BS ISO 20387:2018 specifies general requirements for the competence, impartiality and consistent operation of biobanks including quality control requirements to ensure biological material and data collections of appropriate quality.
BS ISO 20387:2018 is applicable to all organizations performing biobanking, including biobanking of biological material from multicellular organisms (e.g. human, animal, fungus and plant) and microorganisms for research and development.
Biobank users, regulatory authorities, organizations and schemes using peer-assessment, accreditation bodies, and others can also use this document in confirming or recognizing the competence of biobanks.
BS ISO 20387:2018 does not apply to biological material intended for food/feed production, laboratories undertaking analysis for food/feed production, and/or therapeutic use.
This document has been developed with the objective of promoting confidence in biobanking. It contains requirements to enable biobanks to demonstrate competent biobank operation and the ability to provide biological material and associated data of appropriate quality for research and development.
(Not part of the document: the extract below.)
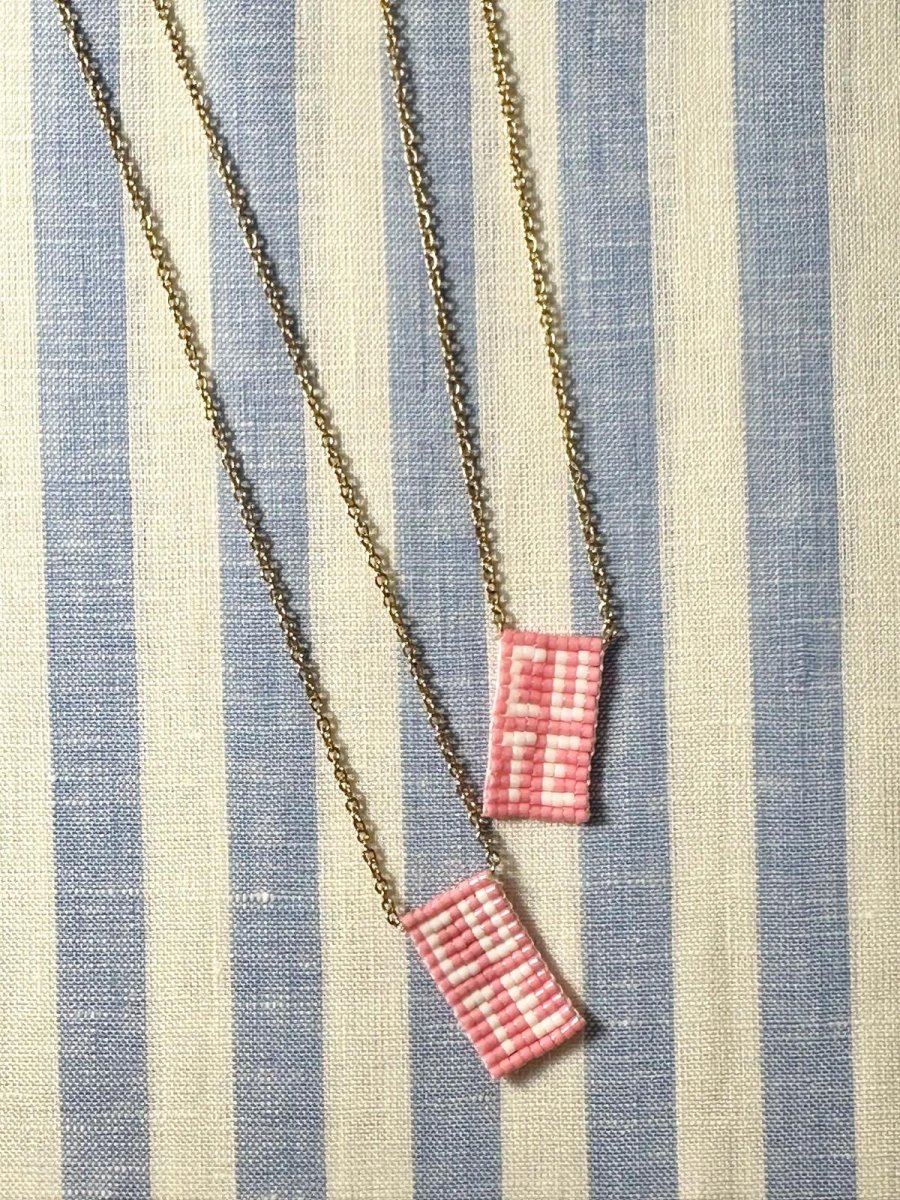 Collana fatta a mano a telaio, misura regolabile circa 50cm. Catenina in argento dorato. Ricamo in perline di vetro misura 1cm per 2cm

This is intended to be achieved by the planning and implementation of policies, processes and procedures covering the life cycle of biological materials and their associated data. The use of this document facilitates cooperation, fosters exchange, and assists in the harmonization of practices among biobanks, researchers and other parties.
In this document, the following verbal forms are used:
—“shall” indicates a requirement;
—“should” indicates a recommendation:
—“may” indicates a permission;
—“can” indicates a possibility or a capability.
Further details can be found in the ISO/IEC Directives, Part 2
The biobank shall have procedures addressing biobanking of each type of biological material and associated data held. This includes processes such as collecting/procuring and/or acquiring and receiving, tagging, accessioning/logging, cataloguing/classifying, examining, preparing, preserving, storing, managing data, destroying, packaging as well as safeguarding, distributing and transporting. The biobank shall have procedures to ensure compliance with relevant biosecurity and biosafety requirements. The procedures shall also address risks and opportunities using a risk assessment.
The documentation shall include relevant information generated from procedures pertaining to the quality management system (see Clause 8) as well as the management of facilities/dedicated areas.